Выходит, старый полицейский подозревал давнего приятеля? И Федькина догадка была верной?
Преисполнившись гордости, архаровец замедлил шаг и неторопливо подошел к калитке. Тут он задумался - вроде бы уже не было смысла являться к Елизарову. Но и уходить он не хотел - мало ли как обернется дело. Абросимов может сцепиться со стариком, или же старик приведет какие-то основательные оправдания, или, наоборот, признается в грехе, и они вдвоем начнут думать, как теперь изворачиваться.
Судя по крепкому и длинному забору, по высоким воротам, семейство Елизаровых было зажиточное. То бишь, воровство ради добычи, кажется, исключалось. Хотя было же недавно дельце с сумасшедшей бабкой…

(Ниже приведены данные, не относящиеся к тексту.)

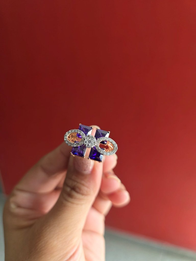 Modern luxury is defined by contrast — structure and softness, light and depth, boldness and restraint. The DIVINE “Amethyst Éclat” Couture Ring is a sculptural expression of that balance. Four faceted amethyst-toned crystals form a striking geometric silhouette, anchored by luminous circular crystal halos that float like points of light. At the center, a brilliant pavé cluster unites the design in radiant harmony. The deep violet stones bring richness and mystique, while the micro-pavé crystal detailing adds refined brilliance. Finished in a warm gold tone, this ring feels architectural yet feminine, powerful yet polished. Designed for women who don’t wear trends — they wear identity. DIVINE creates jewelry that transforms presence into signature.
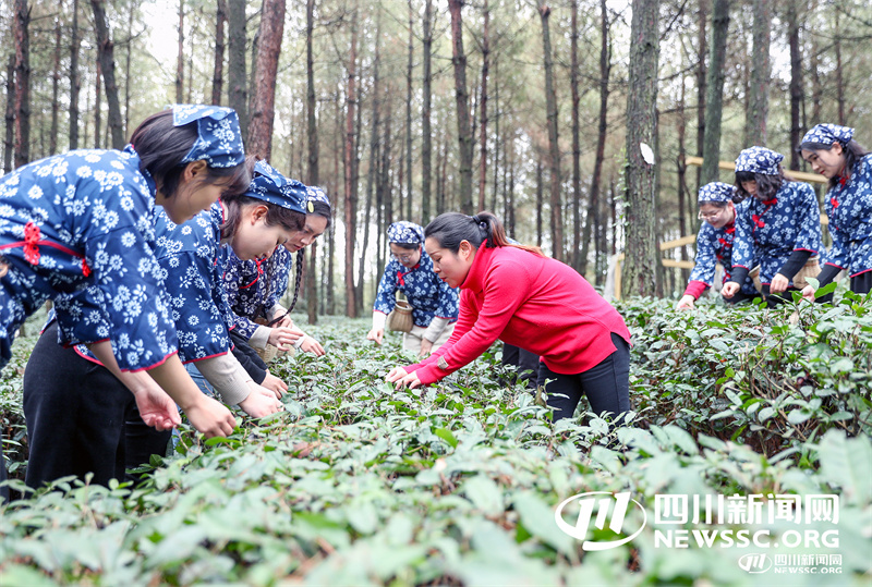 四川华蓥:记者体验采茶 喜迎“三八”国际妇女节

Вспомнив его, Федька невольно улыбнулся.
В почтенном купеческом семействе жила на покое бабушка, сестра покойной хозяйки. В чуму она потеряла всю мужнюю родню и своих детей с внуками, оставшись единственной наследницей немалых денег. И одолела бабку дурь - стала она кричать, что ее-де изводят, напускают на нее порчу, чтобы поскорее похоронить и воспользоваться денежками. То одного, то другого домочадца обвиняла старуха, несколько раз переписывала завещание и окончательно всех перессорила. И был у порчи признак - кладбищенская земля, которую подсыпали под двери бабкиных покоев, чтобы бабка наступила и тяжко захворала. Тут явно действовал какой-то бес - у дверей беспокойной родственницы по ночам несколько раз ставили караулы, земля же появлялась в виде маленьких кучек - словно с потолка падала.
Не в силах справиться с бедой, домочадцы позвали на помощь знакомого архаровца Сергея Ушакова.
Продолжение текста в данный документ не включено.